Thereafter, the first retainer 23a and the second retainer 23b are collectively referred to as the " retainer 23 ", the column portion 28a and the column portion 28b are collectively referred to as the " column portion 28 " , And the first pocket 25a and the second pocket 25b are collectively referred to as " pocket 25 ". The first rolling member 22a and the second rolling member 22b are collectively referred to as " rolling member 22 ".

Here, as one technique for improving the load capacity of the vibrator bearing 20, there is a technique in which the diameter of the rolling member 22 is increased. It is necessary to increase the circumferential width of the pocket 25 by enlarging the rolling member 22. Therefore, if the diameter of the rolling member 22 is increased by keeping the number of the rolling members 22, The width in the circumferential direction of the retainer 23 becomes narrow, and the strength of the retainer 23 becomes weak. Therefore, when the diameter of the rolling member 22 is increased, the number of the rolling members 22 is reduced.

When the number of rolling elements 22 is reduced, the distance between the contact points P of the rolling member 22 and the outer ring member 24 becomes longer. 4 (a), when the first rolling member 22a and the second rolling member 22b are at the same position in the circumferential direction, that is, when the first rolling member 22a and the second rolling member 22b 22b are overlapped with each other in the direction of the rotation axis R when the engaging load caused by engagement with the internal gear 40 is caught by the external gear 30, And the outer race member 24 can be recessed inward in the radial direction. Therefore, as the longitudinal axis of the vibrating member 10 passes through the bent portion, the vibrating member 10 is rotated while pushing the bending outward in the radial direction. As a result, torque ripple is caused.

4B, when the first rolling member 22a and the second rolling member 22b are at different positions in the circumferential direction, that is, when the first rolling member 22a and the second rolling member 22b The distance in the circumferential direction of the contact point P between the rolling member 22 and the outer ring member 24 is shortened. Thus, when the engagement load due to engagement with the internal gear 40 is caught by the external gear 30, the external gear 30 is less likely to bend between the contact points P adjacent in the circumferential direction. This makes it difficult to cause torque ripple.

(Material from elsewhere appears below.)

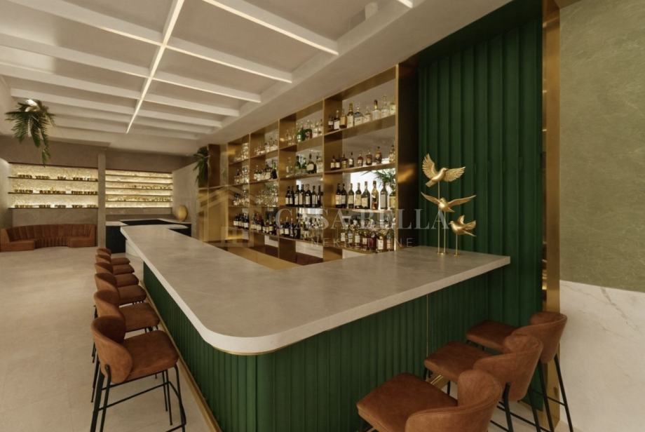 U interijeru su korišteni vrhunski materijali i moderni detalji. Kupaonice su opremljene namještajem od Kerok materijala otpornog na vodu i udarce, keramikom velikog formata (240x120 cm) te slavinama i tuševima u mat bijeloj boji sa zlatnim detaljima. Posebnu eleganciju prostoru daju indirektna rasvjeta, prekidači i utičnice TEM u mat crnoj boji, lakirana unutarnja vrata s magnetskom bravom i skrivenim pantima, te protuprovalna vrata Diere.

In order to prevent the first rolling member 22a and the second rolling member 22b from being in the same position in the circumferential direction (that is, in a state of FIG. 4 (a)), The first and second pockets 25a and 25b are shifted in the circumferential direction from each other so that the first and second pockets 25a and 25b are shifted in the circumferential direction, It is conceivable to combine (integrate). In this case, since the positions of the first pockets 25a and the second pockets 25b are shifted in the circumferential direction, the number of the first rolling members 22a in the engagement region and the number 2 rolling elements 22b. Therefore, the number of the first rolling members 22a that revolve while rotating by itself and the number of the second rolling members 22b that revolve while rotating by itself are different. Conversely, the number of the first rolling members 22a pivoted by the first retainer 23a is different from the number of the second rolling members 22b pivoted by the second retainer 23b. This can cause a speed difference between the revolution speeds of the first rolling member 22a and the first retainer 23a and the revolution speeds of the second rolling member 22b and the second retainer 23b. At this time, if the first and second retainers 23a and 23b are engaged with each other, an excessive load is applied to the engaging portion, so that the retainer 23 is broken or the retainer 23 is deformed It causes.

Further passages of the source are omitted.